HAE is a genetic condition, and in most cases, one of your parents has a mutation that causes HAE. There are patients with HAE that have no family history. This group had a spontaneous gene mutation that causes HAE at conception and can pass the condition to their offspring.
2. Am I in Danger?
Untreated patients have about two attacks per month, but swelling can occur more or less frequently. Swelling affecting the airway can be fatal if not appropriately treated. Abdominal attacks are painful and debilitating. Untreated HAE has a significantly negative effect on the patients’ lives, affecting school, work, and social activities. HAE can cause a significant psychological burden.
3. What about my Family?
Many HAE patients have family members who have died from laryngeal swellings. Proper diagnosis is critical for effective management. All family members should be tested for HAE.
4. What Causes Attacks?
A complex biological process in the blood that ultimately causes the production of bradykinin – a peptide that causes the capillaries to leak fluid into body tissues. Triggers include stress, physical trauma, surgical procedures, infections, medications such as a blood pressure medicine called ACE inhibitors, and estrogen used in women for birth control and hormone replacement therapy related to menopause.
5. Can I Treat Attacks?
There is a variety of effective treatments approved for treating HAE attacks, and they include C1 inhibitor IV injections (recombinant and plasma-derived) and icatibant. Attacks affecting the airway are emergencies requiring immediate medical care to provide treatment and protect the airway. It is crucial everyone knows that antihistamines, corticosteroids (such as prednisone), and epinephrine do not work and should not be used to treat HAE attacks.
6. Can I Prevent Attacks?
There are a variety of therapies to prevent HAE attacks. First-line therapies include Plasma-derived C1 inhibitor concentrate that can be injected subcutaneously or IV. Lanadelumab is a kallikrein inhibitor delivered by subcutaneous injection, and berotralstat is another kallikrein inhibitor in pill form. Second-line therapies include androgens (danazol) and antifibrinolytics (tranexamic acid). There is no formula for who should be prescribed preventative treatment. The decision must be individualized based on improving the quality of life.

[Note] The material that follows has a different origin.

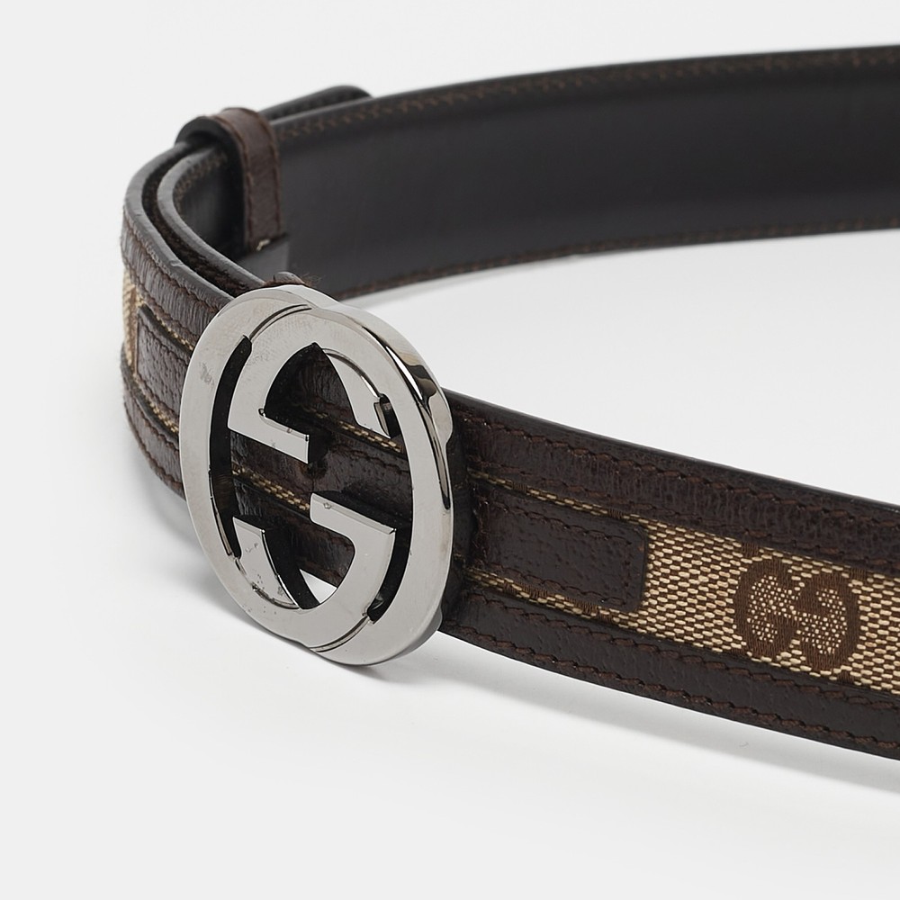 Elevate your style with this exquisite Gucci belt, marrying timeless Italian craftsmanship with modern flair. Crafted from GG canvas and supple leather, it exudes sophistication and luxury. The interlocking G buckle, a symbol of the brands heritage, adds a touch of elegance to any ensemble. Ideal for the fashion savvy woman, this beige accessory effortlessly complements your wardrobe, making it a must have for those who appreciate the finer things in life.Certified by The Luxury Closet - This item has gone through a detailed authentication process overseen by our experts. We offer a lifetime guarantee of authenticity on all our items. Import duties, taxes and charges are not included in the item price. These charges are the buyers responsibility. Please check with your country’s customs office to determine what these additional cost will be prior to buying. Our eBay Store About Us Contact Us Add to Favorite Sellers Gucci Beige/Brown GG Canvas and Leather Interlocking G Buckle Belt 85 CM $201.3 Elevate your style with this exquisite Gucci belt, marrying timeless Italian craftsmanship with modern flair. Crafted from GG canvas and supple leather, it exudes sophistication and luxury. The interlocking G buckle, a symbol of the brands heritage, adds a touch of elegance to any ensemble. Ideal for the fashion savvy woman, this beige accessory effortlessly complements your wardrobe, making it a must have for those who appreciate the finer things in life. Product Details Brand Color Beige Dimensions Width: 3 cm, Length: 85 cm Material Canvas, Leather Size 85 CM Outsole Width Outsole Length Heel Height Includes The Luxury Closet Packaging Certified by The Luxury Closet This item has gone through a detailed authentication process overseen by our experts. We offer a lifetime guarantee of authenticity on all our items. How We Check The in-house team of experts at The Luxury Closet is highly trained to verify the authenticity and the condition of the luxury products. They ensure that only 100% authentic items are put on sale.The evaluation process is unique with its own mix of assessment criteria and differs according to the category. Each item is evaluated based on the following combination of hallmarks, hardware, stitching, symmetry, material, craftsmanship, stamping, codes, hologram stickers, and packaging. Our authenticators also check if the items have been modified or amended (e.g., aftermarket diamonds, replaced batteries, repaired bags, etc.) International Buyers Import duties, taxes and charges are not included in the item price. These charges are the buyers responsibility. Please check with your country’s customs office to determine what these additional cost will be prior to buying.

7. How Do I Find a Doctor?
Very few doctors are HAE experts. You want a doctor who is willing to learn about HAE, work with an HAE expert, and develop a patient-physician partnership with you that includes shared decision-making. Every patient should have an HAE management plan that includes extensive patient education and consideration of all treatment options, coordination of care, and treatment logistics.
8. What if I get pregnant?
HAE does not affect fertility nor cause spontaneous abortion or negative pregnancy outcomes. The impact of pregnancy on HAE is highly variable – attacks may increase, decrease, or stay the same. Attacks are very rare during delivery but may increase in the weeks following delivery. Depression is not uncommon after delivery. C1 Inhibitor is the medication of choice during pregnancy.
9. Will My Life Ever Be Normal?
The goal of HAE treatment is to allow leading a normal life free from symptoms and medicine-related side effects. Reaching this goal requires a team effort between the doctor and patient that includes education and a treatment and action plan. Eight treatments are approved by regulatory authorities, and the future looks bright with nine potential therapies in various stages of clinical trials.
10. Who Can I Turn to for Help?
HAEi works every day to make sure your voice is heard. Building networks of physicians and patient organizations is key, as is the further development of clinical registries and research consortiums.